Terminado el breve discurso, el propio Saramago ofreció la palabra a los asistentes. Respondió, una a una, las preguntas, sin extenderse demasiado, evitando las reflexiones literarias, haciendo del diálogo un intercambio vivo y pleno de empatía. Finalmente, y como es casi habitual cuando se escucha a un grande de la literatura, alguien preguntó cuál era el mensaje que el creador portugués quisiera entregar a los jóvenes. José Saramago pareció dudar un instante. Luego, con voz pausada, desgranando las palabras con el acento portugués de su prosodia, manifestó:
“Sólo puedo decirles que, en un mundo de tanta miseria e injusticia, de insoportables desigualdades, apelen a la bondad, a ese venero que todos los seres humanos llevamos dentro, que esta sociedad parece ahogar con sus luces fatuas… Algún día, quizá, seremos capaces de restaurar la hermandad perdida…”.
Aun a riesgo de caer en egolatría, aquella tarde hice una asociación mental entre la narración de Saramago y la vida aldeana de mis ancestros gallegos, tan similar a la de los hermanos portugueses, que jamás debieron ser “fronterizos” de Galicia, porque ambos constituyen ramas del mismo tronco galego-portugués, plantado en ese élan vital común que germinó entre el ansia de aventuras, el lirismo de la saudade y el apego amoroso al trabajo de la tierra.
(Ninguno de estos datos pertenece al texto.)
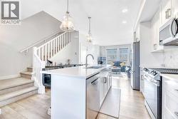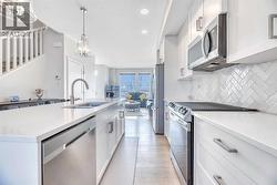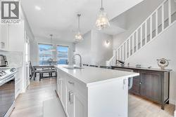 Wolf Willow - 196 Wolf Hollow Park SE: Welcome to this exceptional, air-conditioned 4-bedroom, 4-bathroom townhouse offering over 1,850 sq. ft. of beautifully finished living space in the highly desirable community of Wolf Willow. Showing like new, still under warranty, and with no condo fees, this home stands out as a rare and compelling opportunity.The sun-soaked main floor features luxury vinyl plank flooring and is bright and welcoming, thanks to large south-facing windows that flood the living room and foyer with natural light. The show-stopping kitchen is designed for both everyday living and entertaining, featuring a large central island, stainless steel appliances, soft-close cabinetry, and future-ready gas stove and fridge water rough-ins. A spacious dining area and a sleek 2-piece powder room complete this stylish and functional level.Upstairs, unwind in the inviting primary retreat with partial river views, a private 3-piece ensuite, and a walk-in closet with its own window. Two additional bedrooms, a full 4-piece bathroom, and convenient upper-level laundry with extra storage make this floor as practical as it is comfortable.The fully developed basement expands your living options with a family/recreation room, a fourth bedroom featuring a cozy nook or pocket office, a modern 3-piece bathroom with walk-in shower, and ample storage—perfect for guests, teens, or working from home.Outside, enjoy a landscaped backyard complete with a natural gas BBQ line for easy summer entertaining. A double detached garage with MYQ smartphone control adds everyday convenience, while thoughtful upgrades throughout—including silhouette blinds, soft-touch light switches, and doorbell cameras at the front, rear, and garage—enhance both comfort and security.Ideally located just steps from scenic river pathways, Wolf Willow blends modern living with an unbeatable natural setting. Nestled between the Bow River and Fish Creek Provincial Park, residents enjoy over 100 km of trails, parks, an ice rink, and easy access to schools, shopping, and downtown Calgary.This is a home that truly delivers on style, space, and location. Book your showing today and discover why Wolf Willow living is so special. (id:27)

Quizá José Saramago camine hoy por las corredoiras de la aldea remota. Es posible que se reúna con mi padre, beban un rojo vino del país e intercambien viejas historias con espíritu siempre nuevo, como el viento y la lluvia que jamás repiten sus sonidos, aunque canten a diario... También el mar se acabó para Saramago, pero la tierra lo espera para acogerlo en el último abrazo germinal.